Former Reserve Bank of India (RBI) Governor Raghuram Rajan’s name figures in this year’s list of possible winners of Nobel Prize in economics brought out by Clarivate Analytics.
The Economics prize will be announced in Stockholm on Monday, according to Nobelprize.org.
Clarivate Analytics, earlier a Thomson Reuters unit, publishes a list of possible Nobel Prize winners based on research citations, ahead of the formal announcement by the Nobel committee.
Rajan is currently the Katherine Dusak Miller Distinguished Service Professor of Finance at the Booth School of Business, University of Chicago.
Giving the list of six possible candidates for the economics Nobel, Clarivate said these were Citation Laureates — standouts whose research is clearly “of Nobel Class” according to its significance and utility, as attested by markedly high citation tallies recorded in the Web of Science.
According to information available on Clarivate’s website, in the last 15 years, 45 of the selected researchers had gone on to receive a Nobel — nine in the same year in which they were tipped by Clarivate and 18 within two years of the distinction.
Rajan’s three-year term as RBI Governor ended on September 4, 2016.
Exactly one year after his term as RBI governor came to an end, Rajan published a book with his “commentary and speeches” to convey what it was like to be at the helm of the central bank in “those turbulent but exciting times”.
Rajan, who was considered a vocal RBI Governor, in his book “I Do What I Do” said the demonetisation tool used by the Indian government to drive out black money could have long-term benefits but its short-term economic costs would outweigh them.
“I was asked by the government in February 2016 for my views on demonetisation, which I gave orally. Although there might be long-term benefits, I felt the likely short-term economic costs would outweigh them, and felt there were potentially better alternatives to achieve the main goal,” he wrote.
The Indian government undertook the demonetisation drive on November 8, 2016 by banning high denomination Rs 1,000 and Rs 500 notes.
Rajan is said to have predicted the 2008 market crash caused by the housing market crisis in the US that put its economy into deep recession and set off a global slowdown.
In 2011, he published the acclaimed “Fault Lines” on how hidden financial fractures threaten the world economy.

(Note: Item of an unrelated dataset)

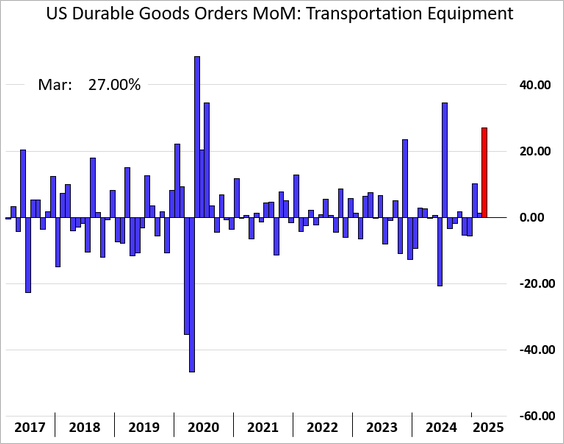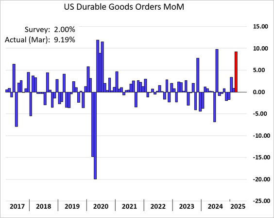 9) Durable goods orders surged in March:

He has won the British magazine Central Banking’s Central Banker of the Year award for his handling of the rupee crisis in 2013 and bringing back foreign investors to the country.
A graduate of the Indian Institute of Technology, Delhi, Rajan served as visiting professor at Stockholm School of Economics and at Kellogg School of Management.
He was also a visiting professor at MIT Sloan School of Management.